ConViT : Vision Transformers with Convolutional Inductive Biases
This repository contains PyTorch code for ConViT. It builds on code from the Data-Efficient Vision Transformer and from timm.
For details see the ConViT paper by Stéphane d'Ascoli, Hugo Touvron, Matthew Leavitt, Ari Morcos, Giulio Biroli and Levent Sagun.

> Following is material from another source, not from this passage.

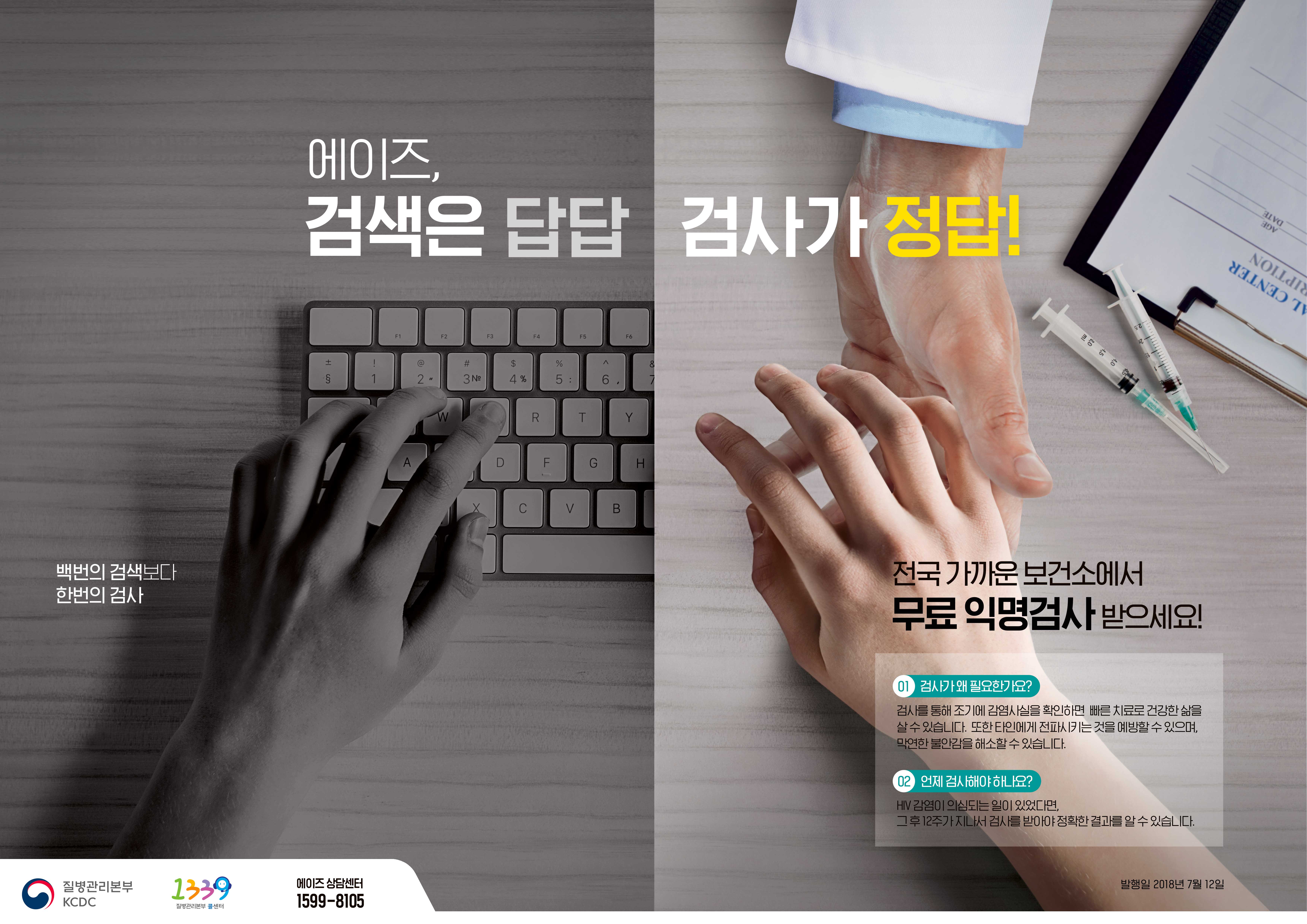 에이즈 관련 콘텐츠(리플릿, 포스터)를 배포하오니 의료기관 등에서는 지역사회 홍보에 적극 활용하여 주시기 바랍니다.

If you use this code for a paper please cite:
@article{d2021convit,
title={ConViT: Improving Vision Transformers with Soft Convolutional Inductive Biases},
author={d'Ascoli, St{\'e}phane and Touvron, Hugo and Leavitt, Matthew and Morcos, Ari and Biroli, Giulio and Sagun, Levent},
journal={arXiv preprint arXiv:2103.10697},
year={2021}
}
Usage
Install PyTorch 1.7.0+ and torchvision 0.8.1+ and pytorch-image-models 0.3.2:
conda install -c pytorch pytorch torchvision
pip install timm==0.3.2
Data preparation
Download and extract ImageNet train and val images from http://image-net.org/. The directory structure is the standard layout for the torchvision datasets.ImageFolder
, and the training and validation data is expected to be in the train
folder and val
folder respectively:
/path/to/imagenet/
train/
class1/
img1.jpeg
class2/
img2.jpeg
val/
class1/
img3.jpeg
class/2
img4.jpeg
Evaluation
To evaluate ConViT-Ti on ImageNet test set, run:
python main.py --eval --model convit_tiny --pretrained --data-path /path/to/imagenet
This should give
[email protected] 73.116 [email protected] 91.710 loss 1.172
Training
To train ConViT-Ti on ImageNet on a single node with 4 gpus for 300 epochs run:
python -m torch.distributed.launch --nproc_per_node=4 --use_env main.py --model convit_tiny --batch-size 256 --data-path /path/to/imagenet
To train the same model on a subsampled version of ImageNet where we only use 10% of the images of each class, add --sampling_ratio 0.1
Multinode training
Distributed training is available via Slurm and submitit:
pip install submitit
To train ConViT-base on ImageNet on 2 nodes with 8 gpus each for 300 epochs:
python run_with_submitit.py --model convit_base --data-path /path/to/imagenet
License
The majority of this repository is released under the CC-BY-NC 4.0. license as found in the LICENSE file, however portions of the project are available under separate license terms: deit and timm are licensed under Apache 2.0.